Вы думаете, что протестующий критик в самом деле не сочувствует мыслям и поступкам героя Базарова? Ничуть не бывало, это только взбудораженная страсть в нем заметалась. Он не только отдает ему полную справедливость, подобно своему собрату, довольному критику, но и идет гораздо далее. Противоположность и борьба оказываются не между двумя лицами, но в самом лице протестующего критика. Посмотрите, он протестует против героя за неласковое обращение с родителями, он готов отдать Базарова под уголовный суд за эту неласковость в тоне. Мы видели, как удовлетворительно г. Писарев объяснил отношение Базарова к родителям: не сесть же ему, в самом деле, на пол для того, чтобы с ними сравняться? Но протестующий критик не довольствуется этим. Он потом не просто оправдывает Базарова, но возводит его в апофеозу. Совершив над ним экзекуцию за непочтительное обращение с родителями, он потом торжественным и мрачным тоном припоминает древних мудрецов, — кажется, это Эмпедокл, прибавляет он в скобках, — покидавших отца и мать, дабы слушать или проповедовать слово истины.
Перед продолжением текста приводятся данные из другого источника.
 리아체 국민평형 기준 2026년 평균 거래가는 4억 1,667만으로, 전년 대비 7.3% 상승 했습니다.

Вот на какую высоту возводит он Базарова, которого за несколько минут перед тем в слепом бешенстве подвергал торговой казни14.
Вы думаете, что он в самом деле спроста полюбил старушку мать Базарова? О нет! Он потому оказывает ей благосклонность, что она совершенно уничтожается перед своим сыном, перед великим учителем, перед ‘Эмпедоклом’. Все прочие лица романа живут сами по себе, и они ненавистны критику, а старички, родители Базарова, хотя и не способны понимать его, но преданы ему без памяти, до самозабвения, — и вот это-то и умиляет критика, это-то и подкупает в их пользу жреца капищ, и он только им дает вкусить от жертвенных, их одних гладит по старой седой голове.
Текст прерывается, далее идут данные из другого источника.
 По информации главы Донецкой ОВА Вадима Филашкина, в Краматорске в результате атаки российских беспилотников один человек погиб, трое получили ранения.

Вы думаете, что он в самом деле считает Базарова циником за то, что тот похвалил ‘богатое тело’ m-me Одинцовой и заставил ее отпрыгнуть в другой угол комнаты? Нисколько! Он объясняет, что иначе здоровый мужчина поступить и не может, и не должен. Он с злорадством доказывает, что и романтики-отцы никогда не были равнодушны к ‘богатому телу’, что все и всегда преусердно добивались от женщин ‘толку’, и что без этого отцы не были бы отцами и не рожались бы дети.
Вы думаете, что он в самом деле не признает мыслей, высказанных Базаровым? Нет, он в другой части своей статьи старается развить, оправдать и доказать их, но только делает это гораздо хуже, чем сам Базаров с его энергическим, кратким и толковым словом.
Базаров для протестующего критика имеет еще большее значение, чем для критика довольного, он еще глубже сочувствует герою. Но ему невыносима эта резкая, энергически очерченная фигура, ему невыносимо, что на эту фигуру устремлены теперь тысячи глаз, что все могут рассматривать ее со всех сторон. Каждый решительный штрих в этой фигуре тревожит и волнует его душу. Еще никто ничего не сказал, а ему уже мерещатся обличительные физиономии, укорительные взоры. Автора нет, автора нигде не видно, но ему тяжко это беспощадно распростертое над всем созерцание художника. Он жмется и пугливо взглядывает кверху, ожидая удара, и злится, что не за что схватиться…
Увы! Храм растворен, идол вынесен наружу! Как было жрецу остаться равнодушным, не растерзать риз, не посыпать главу пеплом! Как ему было не вознегодовать на осквернителя святыни?
Наконец еще одно, последнее наблюдение: мы видели, что недовольный критик, волнуемый страстью, изменяет себе и должен признать своего бога в том, кого кощунственно обозвал самыми позорными именами. Но что же мы встречаем у критика довольного? Поклонившись этому божеству и воскурив пред ним фимиам, с удивительною наивностию объявляет собравшимся мирянам, что божество это — ‘холера’. Добрый молодой человек сказал это с чувством собственного достоинства, охорашиваясь и рисуясь пред толпою…
Один признал в герое чуть не скота, а потом тем же духом обоготворил его и пал во прах перед ним. Другой, совершая перед этим божеством жертвоприношение, объявляет с самоуслаждением, что дух, которому он жертвует, есть Багавани…15
Итак, мы видим, что противоречия нет и что природа на настоятельные вопросы наблюдателя дает ответы совершенно ясные.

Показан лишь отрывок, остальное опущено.